You should use pickling spice, bay leaves, thyme, rosemary, salt, water, sliced onions, Worcestershire sauce, garlic powder, onion powder, soy sauce, Cajun spices, Dill, Sugar, and Caribbean seasonings not all at one time but you can use any of these to get it done.
The spices that you can use are bay leaves, thyme, rosemary, salt, water, sliced onions, Worcestershire sauce, garlic powder, onion powder, soy sauce, Cajun spices, Dill, Sugar, and Caribbean seasonings.
So, why does everybody believe that somehow, venison needs to be treated 'special'??? I can tell you from 40+ years of experience, there is no need to 'marinade', 'brine', or 'treat' venison, in order to cook it, unless you have harvested a mule!!! Fry, grill, or saute, you will fine!!
Well my all time favorite spice is seasoning salt and cayenne pepper. I use cayenne pepper because it adds a lot of spice into the brine venison. You don't want to add way too much though because it is very very hot and spicy. Therefore, just use about one spoon.

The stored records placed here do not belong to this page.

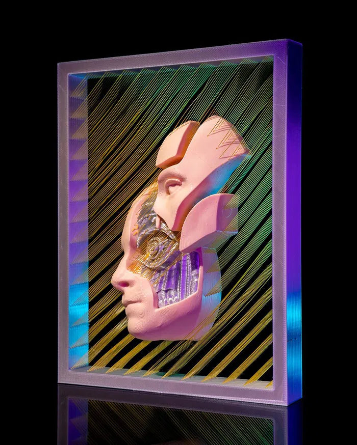The Android Wall Art explores the intersection of humanity and technology with a striking dual-faced design that blends organic expression and cybernetic structure. With fragmented features, circuit inspired detailing, and diagonal golden strands, the Android Wall Art creates a futuristic centrepiece that adds depth and thought provoking style to modern or sci-fi themed interiors.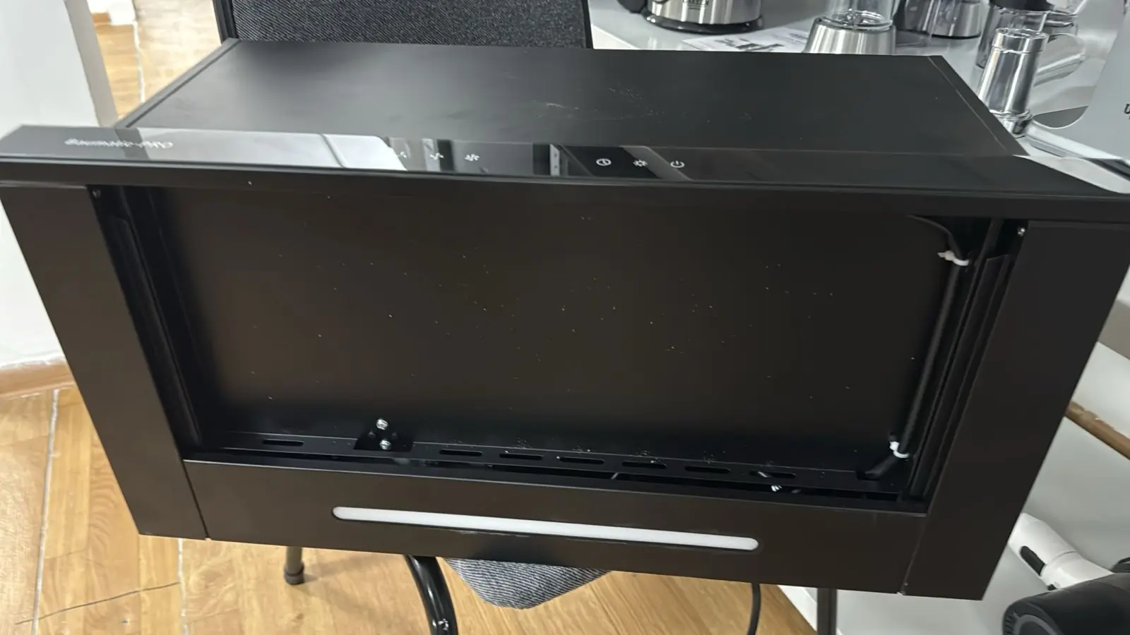 Черная модель Dessus DH-903B имеет широкую панель управления и светодиодное освещение. Устройство обеспечивает быстрый обмен воздуха в кухонном пространстве.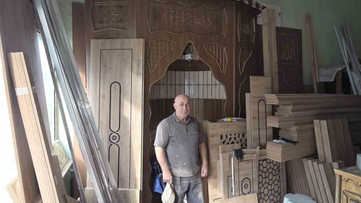 Zonguldak'ın Alaplı ilçesinde 50 yıldır mobilya imalatı yapan 65 yaşındaki Sezgin Gülçiçek, bugüne kadar 63 camiye mihrap, minber ve kürsü yaptı.

Salt and Water are what most people soak their venison before they cut it up. If you are looking for a brine to cook it in. Most people use a pickling type spice like they would for corned beef brisket. I prefer to use garlic, salt, chiptole' peppers, and pepper myself.
I personally would start out with pickling spice, rosemary, thyme, sage, bay leaves, and a little bit of chili sauce. Fill a stock pot with water and all your herbs and spices. Add venison and let sit overnight.